天に見えるは、月


安堵のせいで気が緩んだのか、心の底からなにかがせり上がってくるのを感じた。
ここで泣いたらだめだ。自分を戒めるようにぐっと下唇を噛みしめる。

少し冷静さを取り戻すと、周りの声が耳に入ってきた。

「どうしたんだろうね」、「具合悪くなったのかな」という女性の声。「酔っ払いか?」という男性の声。そのうち、ひとつの声が近くなった。

「どうしたのー?」

誰かにトントンと背中を叩かれた。
複数人の気配がする。くだけた言い方から、警察ということはなさそうだ。

「具合悪いなら、休めるところに連れてってあげようかー?」

笑い声にまじって「ばか」、「やべーよ」という声が聞こえる。酔っ払いだろうか。

早く立ち去ってくれないかと身を固くしていると、突然、手の甲にひやりとしたものが当たった。驚いて、顔を上げる。


視界に入ったのは、ペットボトルの水。

「――行くぞ」

見上げれば、そこにはもう帰ったと思っていたモンドが立っていた。

「ここは人通りが多い。こんなところにしゃがんでいたら邪魔だろう」

周りを見れば、さっきの酔っ払いらしき人たちの姿はなかった。モンドの姿を見て立ち去ってくれたのだろうか。

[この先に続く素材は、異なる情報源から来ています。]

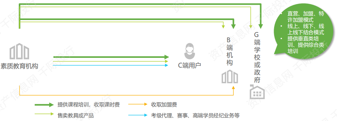 素质教育行业商业模式可简单分为2C、2B、2G。2C指面向学生和家长提供课程培训,或售卖教具产品,进行考级代理、组织赛事、提供经纪服务进行创收;2B指面向相关培训机构收取加盟费用,或提供课程培训、售卖教具产品等,教具产品往往跟课程课时捆绑出售;2G指面向公立学校提供课程培训、售卖教具产品等,瞄准的是学校或政府的素质教育经费。
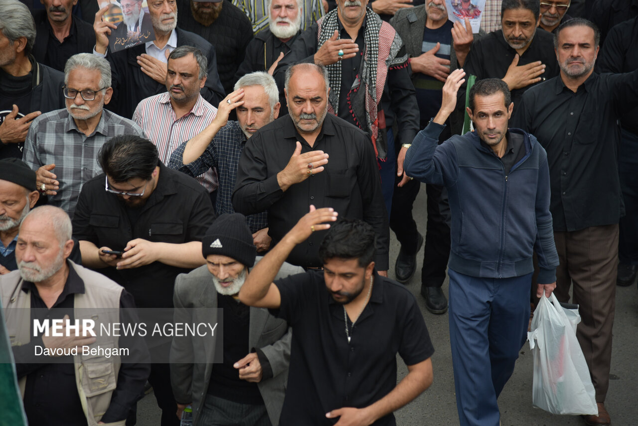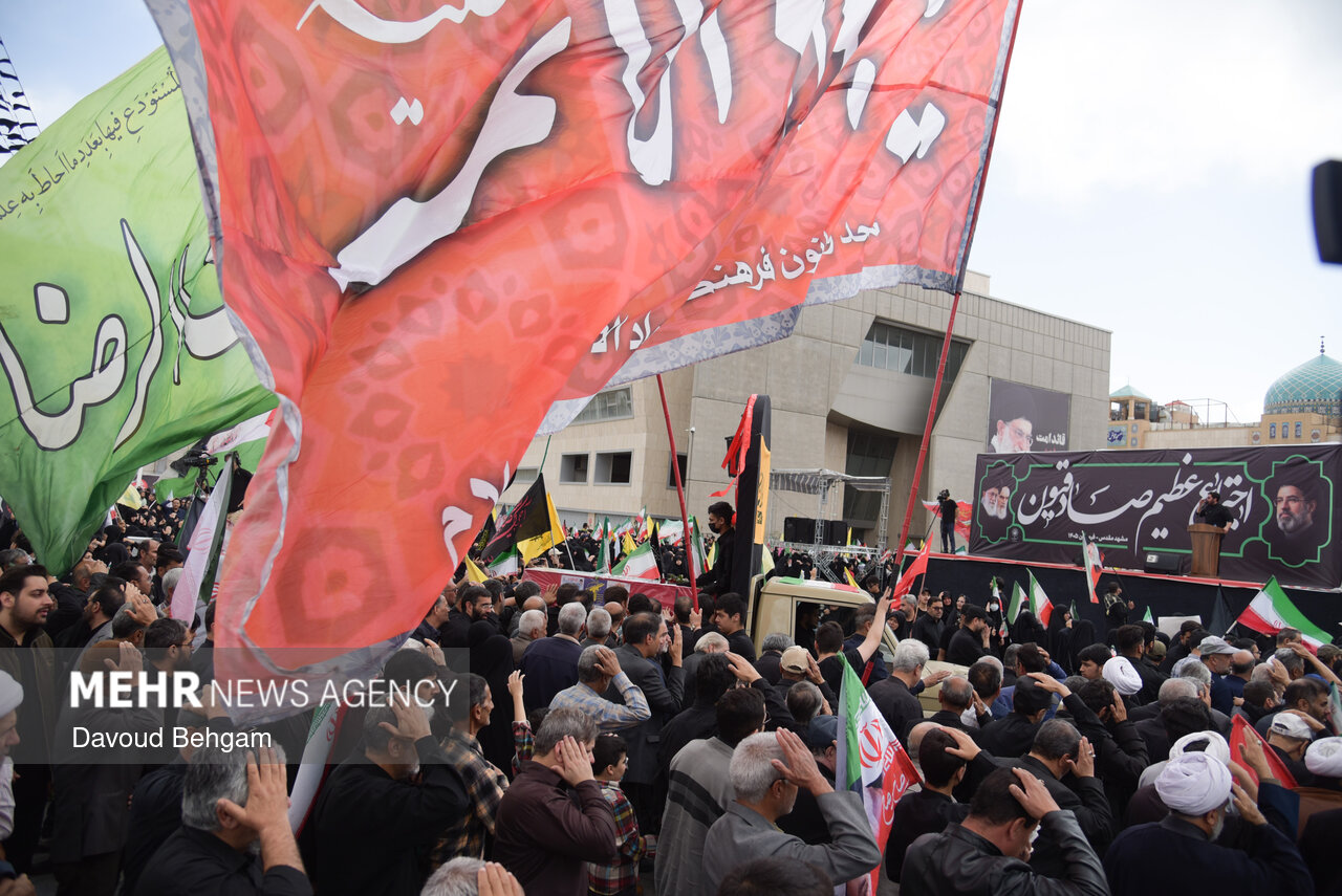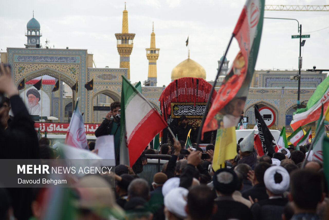 صبح امروز ۲۵ فروردین، اجتماع عزاداری صادقیون همراه با تشییع پیکر دو شهید مطهر جنگ تحمیلی امریکایی صهیونیستی، علی اکبر ساکت و یونس نظرزاده، از میدان شهدا تا حرم مطهر رضوی در میان سیل جمعیت عزاداران برگزار شد.

しかし、モンドがここに戻ってくるとは。しかもペットボトルの水まで携えて。
香凛は意外な状況に、言葉を失っていた。

「……立てないのか?」

そう言うが早いか、モンドは香凛の腕を引き上げる。体を持ち上げられた格好になってふらりとよろめき、あろうことかモンドに寄りかかってしまった。

「あっ……す、すみません!」

「……いい。そのまま腕にでも掴まってろ」

言葉の意味が理解できずにいると、モンドは驚くことに香凛の腰に手を回した。